(Saved entries)
+-------+
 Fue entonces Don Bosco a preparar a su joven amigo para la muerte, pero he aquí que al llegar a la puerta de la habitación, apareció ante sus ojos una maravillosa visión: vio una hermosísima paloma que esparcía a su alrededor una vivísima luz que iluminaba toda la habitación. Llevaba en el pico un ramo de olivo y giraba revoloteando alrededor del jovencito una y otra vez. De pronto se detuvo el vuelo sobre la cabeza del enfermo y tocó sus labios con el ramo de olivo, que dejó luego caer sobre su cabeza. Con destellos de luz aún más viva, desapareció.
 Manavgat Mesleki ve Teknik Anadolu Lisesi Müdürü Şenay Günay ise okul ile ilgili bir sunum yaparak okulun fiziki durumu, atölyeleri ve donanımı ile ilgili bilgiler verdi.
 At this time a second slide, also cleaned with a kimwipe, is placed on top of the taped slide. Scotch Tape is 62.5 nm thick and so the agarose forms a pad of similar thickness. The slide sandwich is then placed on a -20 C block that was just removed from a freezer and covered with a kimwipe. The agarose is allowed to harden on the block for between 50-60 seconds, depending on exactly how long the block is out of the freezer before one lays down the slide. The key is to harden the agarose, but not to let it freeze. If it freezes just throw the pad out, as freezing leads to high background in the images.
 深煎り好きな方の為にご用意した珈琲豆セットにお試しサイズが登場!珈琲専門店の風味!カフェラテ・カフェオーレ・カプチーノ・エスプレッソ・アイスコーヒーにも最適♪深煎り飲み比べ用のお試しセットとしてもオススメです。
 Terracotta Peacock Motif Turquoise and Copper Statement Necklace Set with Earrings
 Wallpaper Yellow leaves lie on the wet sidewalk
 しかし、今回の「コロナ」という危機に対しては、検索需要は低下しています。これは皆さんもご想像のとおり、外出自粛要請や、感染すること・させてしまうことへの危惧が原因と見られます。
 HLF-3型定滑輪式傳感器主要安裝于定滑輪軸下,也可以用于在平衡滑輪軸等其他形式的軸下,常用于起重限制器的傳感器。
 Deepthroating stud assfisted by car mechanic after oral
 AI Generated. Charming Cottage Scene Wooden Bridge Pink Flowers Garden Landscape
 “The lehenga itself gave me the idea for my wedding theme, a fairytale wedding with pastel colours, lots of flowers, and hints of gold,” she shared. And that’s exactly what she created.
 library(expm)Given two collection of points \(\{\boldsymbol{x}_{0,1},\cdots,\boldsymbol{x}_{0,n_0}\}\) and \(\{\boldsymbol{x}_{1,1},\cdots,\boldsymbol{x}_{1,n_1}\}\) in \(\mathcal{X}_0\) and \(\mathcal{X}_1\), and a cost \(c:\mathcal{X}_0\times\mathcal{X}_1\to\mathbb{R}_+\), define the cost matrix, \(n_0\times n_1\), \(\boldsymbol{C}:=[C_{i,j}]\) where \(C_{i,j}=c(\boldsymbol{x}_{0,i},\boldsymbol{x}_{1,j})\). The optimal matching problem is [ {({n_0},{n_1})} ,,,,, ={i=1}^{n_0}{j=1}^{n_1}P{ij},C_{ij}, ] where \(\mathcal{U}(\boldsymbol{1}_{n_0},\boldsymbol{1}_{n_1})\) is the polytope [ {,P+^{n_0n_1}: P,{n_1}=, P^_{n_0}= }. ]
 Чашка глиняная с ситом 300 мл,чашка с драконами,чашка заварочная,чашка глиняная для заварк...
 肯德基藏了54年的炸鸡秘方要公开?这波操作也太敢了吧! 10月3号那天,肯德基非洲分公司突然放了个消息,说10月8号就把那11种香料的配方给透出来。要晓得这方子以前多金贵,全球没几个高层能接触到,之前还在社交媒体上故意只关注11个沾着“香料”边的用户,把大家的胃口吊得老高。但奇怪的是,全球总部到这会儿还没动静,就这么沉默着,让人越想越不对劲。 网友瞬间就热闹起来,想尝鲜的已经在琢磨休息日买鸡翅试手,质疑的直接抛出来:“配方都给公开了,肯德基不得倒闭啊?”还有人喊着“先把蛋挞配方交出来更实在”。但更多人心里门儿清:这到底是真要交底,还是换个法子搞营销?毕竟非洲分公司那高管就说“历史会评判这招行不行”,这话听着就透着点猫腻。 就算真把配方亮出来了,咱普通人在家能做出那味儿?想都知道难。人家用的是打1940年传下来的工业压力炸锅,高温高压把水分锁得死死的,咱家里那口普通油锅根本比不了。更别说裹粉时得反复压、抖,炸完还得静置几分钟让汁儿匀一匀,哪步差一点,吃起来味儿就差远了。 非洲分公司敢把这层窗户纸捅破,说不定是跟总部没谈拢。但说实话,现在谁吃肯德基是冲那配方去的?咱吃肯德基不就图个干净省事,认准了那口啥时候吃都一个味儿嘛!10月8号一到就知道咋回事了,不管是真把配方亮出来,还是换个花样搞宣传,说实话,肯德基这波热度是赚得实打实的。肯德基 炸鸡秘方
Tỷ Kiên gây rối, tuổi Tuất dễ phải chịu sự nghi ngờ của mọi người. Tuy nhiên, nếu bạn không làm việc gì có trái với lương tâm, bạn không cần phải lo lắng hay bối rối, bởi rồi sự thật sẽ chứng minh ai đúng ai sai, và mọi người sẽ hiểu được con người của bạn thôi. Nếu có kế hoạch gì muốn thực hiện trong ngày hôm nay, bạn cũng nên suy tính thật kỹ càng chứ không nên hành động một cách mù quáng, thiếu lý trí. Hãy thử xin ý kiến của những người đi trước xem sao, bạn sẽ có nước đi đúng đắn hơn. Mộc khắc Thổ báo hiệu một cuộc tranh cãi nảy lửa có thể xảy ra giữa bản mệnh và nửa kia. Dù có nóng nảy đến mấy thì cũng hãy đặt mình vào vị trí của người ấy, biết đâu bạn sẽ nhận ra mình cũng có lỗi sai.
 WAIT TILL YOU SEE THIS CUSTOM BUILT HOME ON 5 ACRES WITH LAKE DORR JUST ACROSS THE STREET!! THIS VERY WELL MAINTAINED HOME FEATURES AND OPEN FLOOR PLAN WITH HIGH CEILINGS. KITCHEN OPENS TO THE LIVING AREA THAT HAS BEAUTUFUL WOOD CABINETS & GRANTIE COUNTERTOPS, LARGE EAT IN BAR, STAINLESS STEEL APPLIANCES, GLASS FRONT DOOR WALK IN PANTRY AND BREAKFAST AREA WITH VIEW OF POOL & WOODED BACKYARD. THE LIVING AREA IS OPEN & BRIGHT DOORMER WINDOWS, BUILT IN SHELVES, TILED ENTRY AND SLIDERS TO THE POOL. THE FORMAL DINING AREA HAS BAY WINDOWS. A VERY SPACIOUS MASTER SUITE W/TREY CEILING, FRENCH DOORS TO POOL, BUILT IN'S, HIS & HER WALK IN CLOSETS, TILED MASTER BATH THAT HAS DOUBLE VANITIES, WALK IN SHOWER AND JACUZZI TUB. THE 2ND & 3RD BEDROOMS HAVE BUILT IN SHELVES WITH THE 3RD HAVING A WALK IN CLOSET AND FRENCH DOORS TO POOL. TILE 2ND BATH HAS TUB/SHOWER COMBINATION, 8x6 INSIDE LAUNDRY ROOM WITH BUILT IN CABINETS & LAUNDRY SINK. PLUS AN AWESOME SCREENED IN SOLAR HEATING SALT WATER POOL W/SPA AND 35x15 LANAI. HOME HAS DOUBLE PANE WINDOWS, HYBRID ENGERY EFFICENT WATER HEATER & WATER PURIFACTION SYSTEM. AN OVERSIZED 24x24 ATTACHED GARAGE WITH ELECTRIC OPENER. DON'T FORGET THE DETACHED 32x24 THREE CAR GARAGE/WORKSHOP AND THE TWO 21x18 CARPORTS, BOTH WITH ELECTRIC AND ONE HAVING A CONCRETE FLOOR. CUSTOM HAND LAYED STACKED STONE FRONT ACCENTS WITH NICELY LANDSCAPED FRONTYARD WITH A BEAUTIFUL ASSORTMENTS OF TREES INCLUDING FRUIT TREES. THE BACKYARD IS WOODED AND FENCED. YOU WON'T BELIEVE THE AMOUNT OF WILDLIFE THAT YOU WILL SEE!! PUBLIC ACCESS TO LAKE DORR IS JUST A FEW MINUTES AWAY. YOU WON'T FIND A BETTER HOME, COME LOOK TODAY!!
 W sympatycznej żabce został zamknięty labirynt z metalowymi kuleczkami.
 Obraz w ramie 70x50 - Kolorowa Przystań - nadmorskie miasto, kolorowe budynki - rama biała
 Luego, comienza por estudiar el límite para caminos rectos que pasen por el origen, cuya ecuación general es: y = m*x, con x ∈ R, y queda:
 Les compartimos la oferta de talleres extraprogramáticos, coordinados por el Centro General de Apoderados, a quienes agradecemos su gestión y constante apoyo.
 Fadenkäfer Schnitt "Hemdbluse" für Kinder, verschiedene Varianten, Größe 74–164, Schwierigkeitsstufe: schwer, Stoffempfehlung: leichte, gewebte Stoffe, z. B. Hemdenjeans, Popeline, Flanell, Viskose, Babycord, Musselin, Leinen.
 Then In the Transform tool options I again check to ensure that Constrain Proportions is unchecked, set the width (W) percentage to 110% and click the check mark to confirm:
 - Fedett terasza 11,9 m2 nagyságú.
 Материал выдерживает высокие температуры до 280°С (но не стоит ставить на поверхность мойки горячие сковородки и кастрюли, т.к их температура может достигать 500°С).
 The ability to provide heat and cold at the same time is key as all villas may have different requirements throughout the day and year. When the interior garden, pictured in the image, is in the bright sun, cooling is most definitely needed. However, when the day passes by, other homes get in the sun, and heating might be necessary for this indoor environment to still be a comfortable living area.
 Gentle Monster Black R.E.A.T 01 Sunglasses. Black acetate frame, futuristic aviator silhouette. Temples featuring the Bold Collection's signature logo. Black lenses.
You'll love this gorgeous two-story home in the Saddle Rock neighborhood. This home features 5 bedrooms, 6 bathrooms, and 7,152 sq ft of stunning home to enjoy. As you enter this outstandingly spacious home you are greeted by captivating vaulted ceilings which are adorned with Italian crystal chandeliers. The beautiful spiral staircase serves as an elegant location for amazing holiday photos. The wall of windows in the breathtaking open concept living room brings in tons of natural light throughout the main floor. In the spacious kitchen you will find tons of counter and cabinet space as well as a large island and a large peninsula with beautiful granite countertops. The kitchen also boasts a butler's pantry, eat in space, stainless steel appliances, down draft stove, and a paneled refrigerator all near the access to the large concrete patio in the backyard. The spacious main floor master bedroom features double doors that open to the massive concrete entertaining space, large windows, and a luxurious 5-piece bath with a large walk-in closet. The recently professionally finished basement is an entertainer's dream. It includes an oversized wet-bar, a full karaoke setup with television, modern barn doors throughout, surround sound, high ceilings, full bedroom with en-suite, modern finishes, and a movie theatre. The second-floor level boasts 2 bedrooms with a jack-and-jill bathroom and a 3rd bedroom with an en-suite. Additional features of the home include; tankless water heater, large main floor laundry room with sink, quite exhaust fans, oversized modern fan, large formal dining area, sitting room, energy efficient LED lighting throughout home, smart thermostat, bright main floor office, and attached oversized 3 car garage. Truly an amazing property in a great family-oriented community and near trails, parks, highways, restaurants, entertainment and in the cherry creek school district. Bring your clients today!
+-------+
EXERCISE REQUIREMENTS: Only the lines above from the one with "Wallpaper Yellow leaves" up to and including the one with "AI Generated. Charming" should be repeated, exactly as written.

RESPONSE TO THIS TASK:
 Wallpaper Yellow leaves lie on the wet sidewalk
 しかし、今回の「コロナ」という危機に対しては、検索需要は低下しています。これは皆さんもご想像のとおり、外出自粛要請や、感染すること・させてしまうことへの危惧が原因と見られます。
 HLF-3型定滑輪式傳感器主要安裝于定滑輪軸下,也可以用于在平衡滑輪軸等其他形式的軸下,常用于起重限制器的傳感器。
 Deepthroating stud assfisted by car mechanic after oral
 AI Generated. Charming Cottage Scene Wooden Bridge Pink Flowers Garden Landscape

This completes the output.